Sr: Presidente: Diz a sabedoria do nosso povo que «quem se não sente não é filho de boa gente». Ora, conhecedor do elevado grau de delicadeza e vibratilidade dos sentimentos morais da boa gente de Viseu, nunca insensível quando vê satisfeitas as aspirações que algum dia manifestara com base numa situação de premência, corroborada pelo sentimento da justiça, estamos seguros de interpretar, Sr.
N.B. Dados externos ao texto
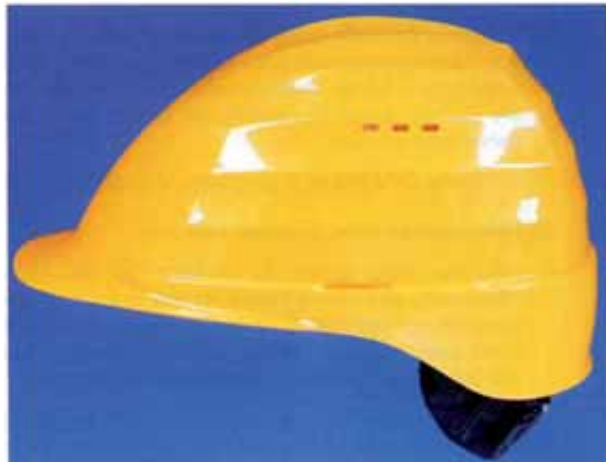
Bild 2: Industrieschutzhelm mit heruntergezogenem Nackenteil, Belüftungsöffnungen und seitlichen Schlitzern zur Befestigung von Zubehör (z.B. Gehörschützer), jedoch ohne Regenrinne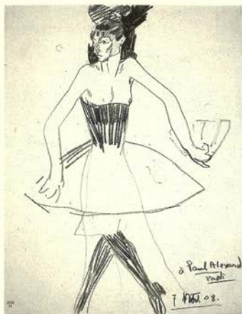
Colombina en tutú con un abanico, 1908 Lápiz graso 31 x 24,3 cm.

(1906-7) es anterior a la amistad de Modigliani y Alexandre. Sus 48 páginas recogen su abanico de intereses, especialmente el circo y sus estudios de desnudos del natural.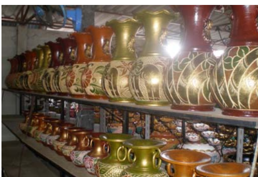
ภาพ 24 กลุ่มแจกันขนาดใหญ่ (2)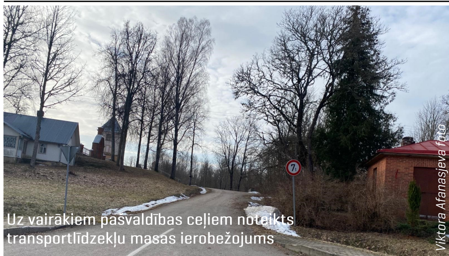
Uz vairākiem pašvaldības ceļiem noteikts transportlīdzekļu masas ierobežojums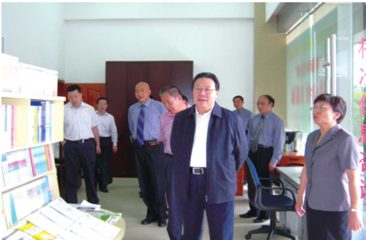
2009年8月20日，国家标准化管理委员会主任纪正昆等领导莅临云南省标准化研究院调研指导工作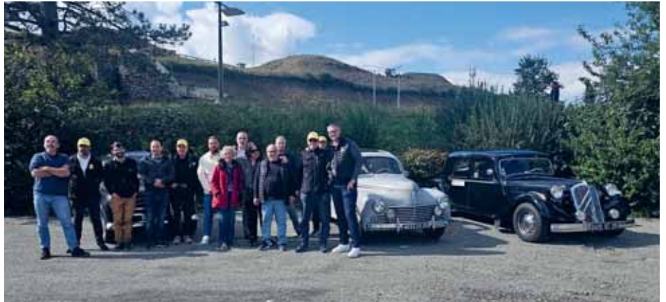
Les membres du comité et des commissions de la Section jurassienne du TCS posent aux côtés des véhicules anciens, lors de la balade organisée dans ces véhicules dans le Pays de Montbéliard le 14 septembre dernier (ici au fort du Mont-Bart, à Bavans).

L'après-midi a réservé aux participants une expérience unique : une balade en voiture ancienne à travers les paysages pittoresques et les principaux lieux historiques de la région, grâce au club des Vieux Volants francs-comtois.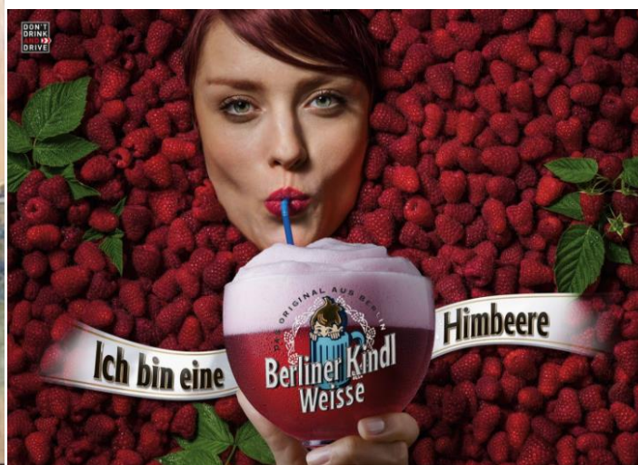
Slika 3. Reklama berlinske pivovare za voćno pivo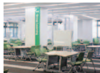
ラーニング・コモンズ

また、2階のディスカバリスクエア、3階のラーニングボッドは、予約をすることで、講習会・ゼミ・勉強会・プレゼンテーションの練習などのために占有利用できます（要学生証等）。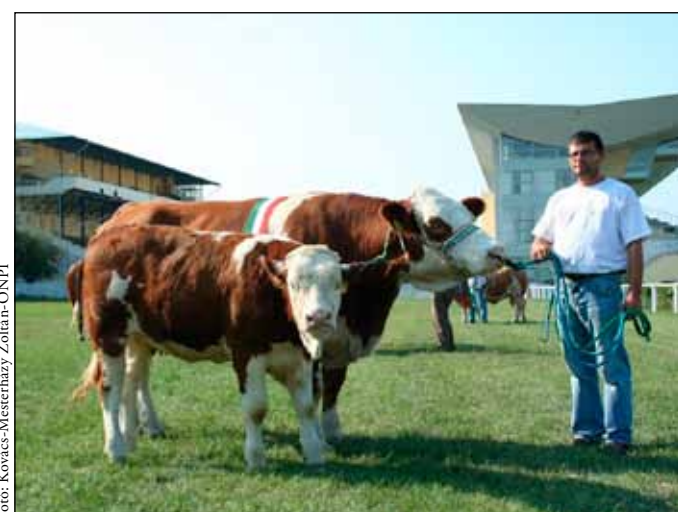
OMÉK nagydíjas magyartarka tehén borjával.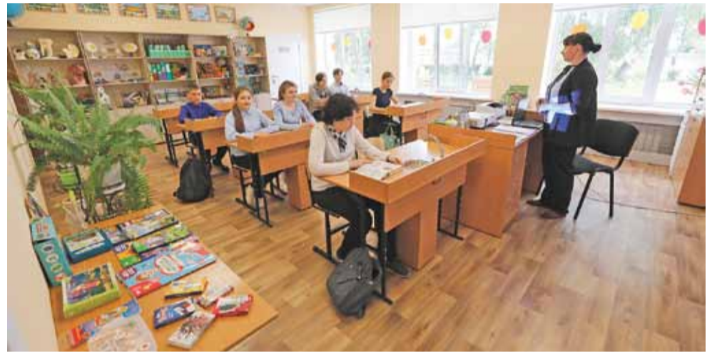
На уроке биологии

В числе семи образовательных учреждений Ивнянского района, что распахнули в последние три года свои двери после капитального ремонта, оказалась и Сафоновская школа. Некогда тусклое (как заслуженно окрестили его школьники) здание 1971 года постройки обновили в 2020 году. В 2021-м школьная территория пополнилась ещё одной постройкой — детским садом на 40 детей (сейчас структурное подразделение школы посещают 32 дошкольника).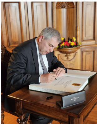
Le Président du Bundesfinanzhof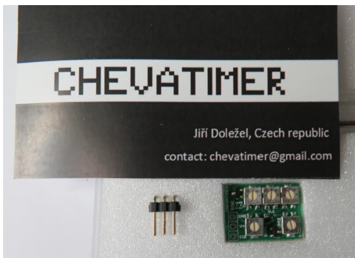
Timer tchèque, à peu près à la taille réelle. Prix 28 € si je me souviens bien !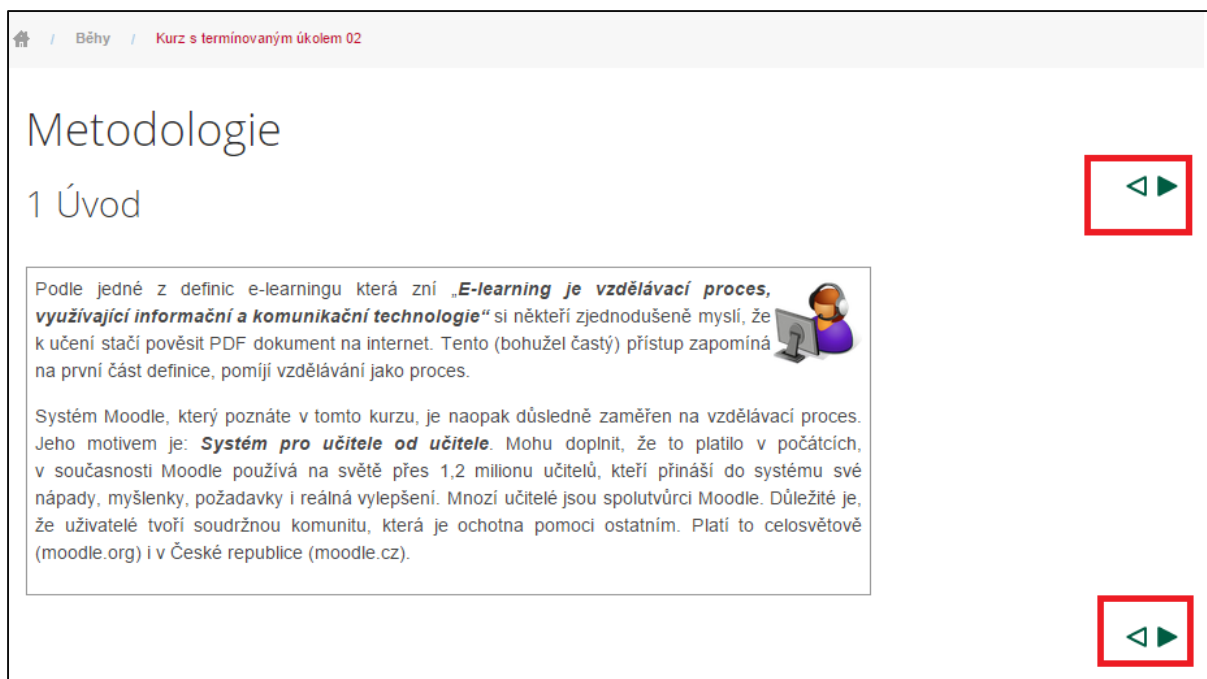
Obrázek č. 16: Příklad konkrétního studijního materiálu v kurzu

Jednotlivé typy studijních materiálů a činností jsou popsány v následujících kapitolách.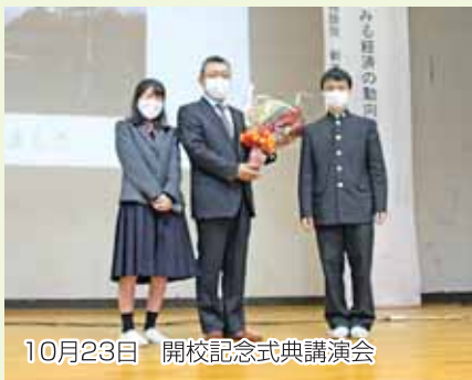
10月23日 開校記念式典講演会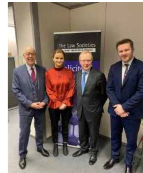
El LSNI asiste a la recepción anual en Bruselas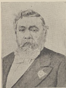
פרייענעם פאליע אומגעצייכענע: דער פראנצויזישער פרייענעם פאליע אומגעצייכענע.

ווען בודער. האקלוב מאשא. איז געווען קאפער-מאשענע פנים סולטאן און ווען פראנצויזישע האט מארשענעם געזען דעם סולט. ראקסאר. און דעם סולט. מארשאל. און און געווען איינער פון די איינפירטאטען מענער אין סולטאן פאלאק. איצט איז געווען ווען סוף. סולטאן מארשאל V האט אויסגעזען א געזונטליכע לויט וועלכען אומשניטע פאשע פערלעכע וועג עסער און וועג סולט. ער ווער געשטענען פון דער ארמעי און געזען און ארמעי נישט מער. מירקס דעם סולט. ראקסאר און דעם געזענעם מיט מירקס. מארשענע. וועג ווען בול פרייענע מיר און היינטיגער נומער. איז מיט א מאל געווען אויס. דאך. מאר און אויס. מארשאל.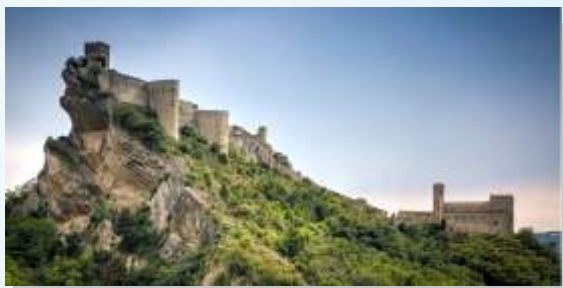
Castello di Roccascalegna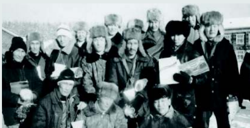
Члены клуба любителей зимнего бега «Аргыс»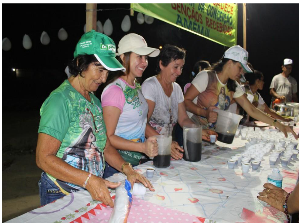
Figura 3: Distribuição de lanches ao longo do percurso.

Ressaltando-se que, ao longo do trajeto, comunidades adjacentes preocupam-se em fazer doações de água, sopas, cafés, frutas, como forma de agradecimento, ajudando os caminhantes sem pedir nada em troca, apenas bênçãos de Nossa Senhora, além de prestarem homenagens à Padroeira, durante seu percurso. A distribuição de comida e bebida nas festas e o investimento em espetáculos, conforme Amaral (1998, p. 85), “podem ser entendidos como concentração e redistribuição de bens, o que também acontecia (através do critério da participação dos mais diversos agentes sociais), com os bens simbólicos, permitindo a inclusão, na cultura da festa brasileira, de diversas visões de mundo”.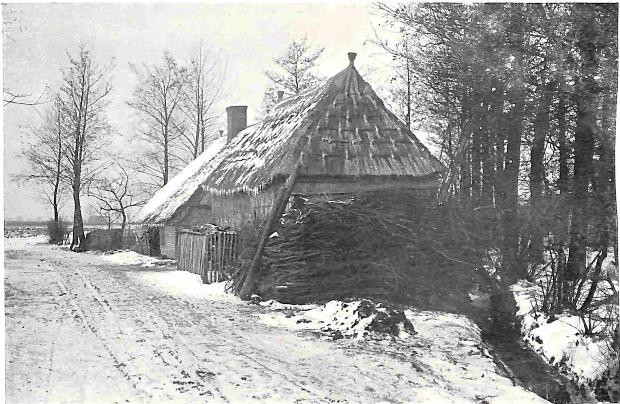
EN AAN DEN BOSCHRAND

ster den toren van Löbenicht kon zien. Hij had zich er aan gewend, bij het denken en bij colleges en redevoeringen altijd een dergelijk punt op te zoeken en daarheen voortdurend den blik terug te wenden. Dit is de oorsprong tot de anecdote, dat Kant eens op een college van zijn stuk raakte toen een der toehoorders, die sedert het begin van het semester een knoop aan zijn jas miste, op een goeden dag ineens verscheen met aangenaaiden knoop!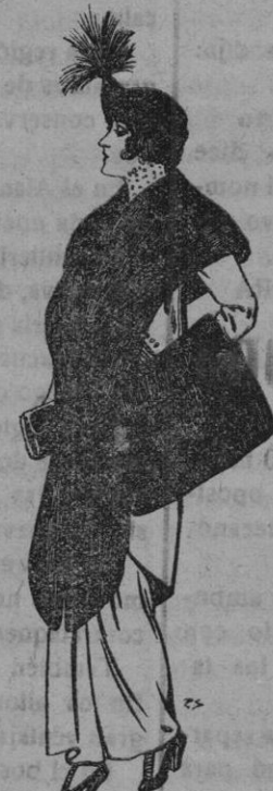
Juego de pieles de Centre du Nord para Señora. Pesetas 145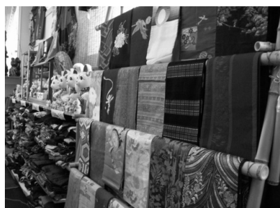
▲帯コーナー(手前)、はぎれコーナー(奥)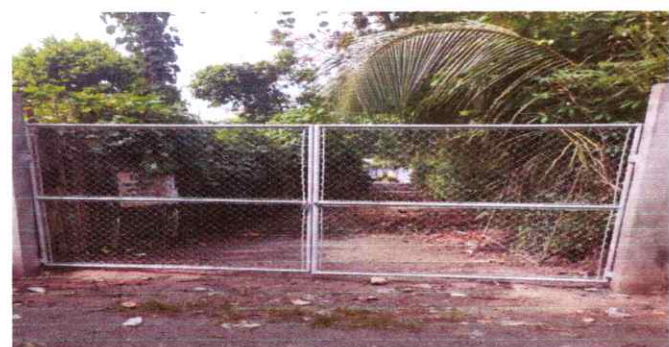
FOTO 3. PORTÓN TERMINADO Y SEGURO, VISTA TOTAL DE LOS TRABAJOS DE REMOZAMIENTO TERMINADOS

Observación: Si es necesario se pueden agregar hojas adicionales y actualizar el número de hojas.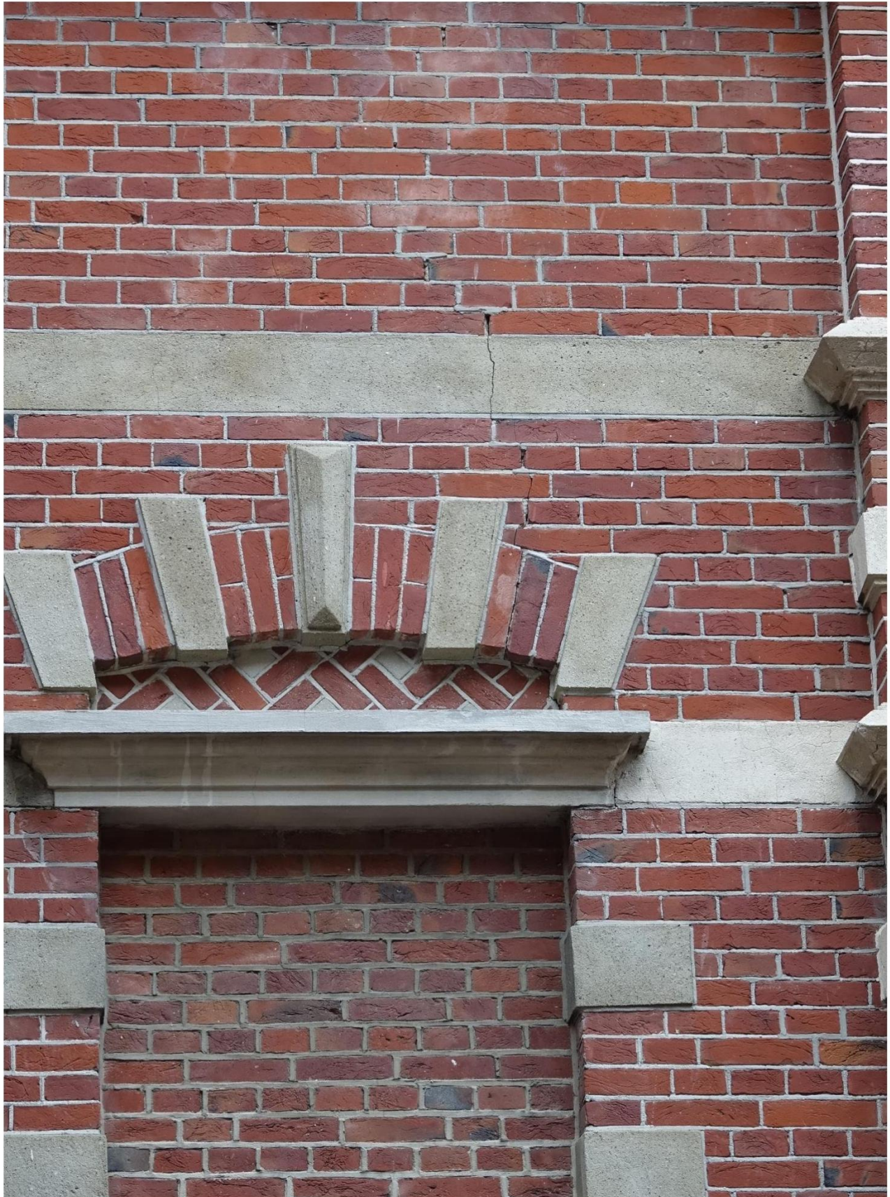
Figuur 18 Scheur in gevel

Presidente, o estado de espírito, jubiloso e feliz, que a empolga, dirigindo desta tribuna, em seu nome, com sumo agrado e justificada exaltação, palavras de merecido aplauso e de vivo reconhecimento às entidades que, por meio da sua iniciativa, umas, e poder da sua resolução, outras, consideraram desveladamente. atenderam e saberão corresponder de modo adequado, como é seu timbre, a uma ambição válida da população do nosso distrito, servindo eficazmente os seus legítimos interesses.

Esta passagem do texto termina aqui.